# 5-string PJ Bass pickup recommendation



## mtillem (Jan 21, 2010)

I'm looking to upgrade my bass pickups but not sure what to get. I play metalcore with some throw back to classic Metallica and my bass is a 5-string with PJ style pickups. I've looked at Seymour Duncan and EMG and unless I'm missing something can only find one set that fits from those two companies (the EMG P5J set). What do you recommend?


----------



## Beta (Jan 21, 2010)

If you need a P pickup with different length sides you have few options. Nordstrand makes one, but it won't come with a cover. You can probably find the one Fender puts in their P5s, but that, and the Nordstrand, may be too "vintage tone" for you. Duncan/Basslines makes a P5 that's only available through Mike Lull, but it's $175, and "vintage" tone. Wilkinson also makes one, but it seems kind of cheap.

The EMGs may be your safest bet.

I had the same dilemma with a Yamaha Attitude 5 I have, and I ended up getting it routed for two soapbar pickups (the bridge pickup was that ridiculous proprietary shape Yamaha uses on their single coil bass pickups) and I had some Nordstrand Big Splits put in. I found out the hard way that I don't like the way a pickup with single coil, jazz style tone sounds in the neck position.


----------



## mtillem (Jan 21, 2010)

Beta, how hard was it to re-route the pickup spaces?


----------



## Beta (Jan 22, 2010)

I didn't do it myself, but I don't think it was difficult. The neck route didn't have to be perfect because it's concealed by a pickguard, and the bridge route was really more just widening the ends of the existing route to match the middle.

I woudn't do it myself unless I was already good at this sort of thing and had the proper apparatus, if that's what you're asking.


----------



## josh pelican (Feb 12, 2010)

What sort of bass is it?

I've heard amazing reviews about the new EMG P/J-X pickups. You'll see me saying this a lot in bass threads, but chuck an Aguilar preamp in there with those pickups and you'll be in love.


----------



## Beta (Feb 14, 2010)

I don't think EMG makes an X series version of the P5J set.


----------



## Nats (Feb 14, 2010)

josh pelican said:


> What sort of bass is it?
> 
> I've heard amazing reviews about the new EMG P/J-X pickups. You'll see me saying this a lot in bass threads, but chuck an Aguilar preamp in there with those pickups and you'll be in love.

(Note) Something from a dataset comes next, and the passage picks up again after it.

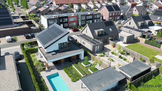 Binnen wacht een lichte en ruime woonkamer, voorzien van twee aparte zithoeken. De open woonkeuken is een echte blikvanger, met een royaal kookeiland inclusief geïntegreerde afzuiging, Quooker, TV-lift en een bargedeelte. De kastenwand biedt ruimte aan hoogwaardige inbouwapparatuur van Miele en Liebherr en een koffienis. De keuken en eetkamer sluiten naadloos op elkaar aan, ideaal voor wie graag kookt én samen geniet.

i agree on the aguilar. i just had an OBP-2 installed in my warwick thumb BO. sounds godly


----------



## mtillem (Feb 17, 2010)

If I reroute my bass, which is what it's looking like I'll need to do, what soapbars do you recommend for metal? I see EMG has a couple, Seymour Duncan has a new Blackout pickup for the bass or something else. I have a set of Blackouts in my guitar and love them but wanted to get your input since I haven't heard any of these bass pickups.


----------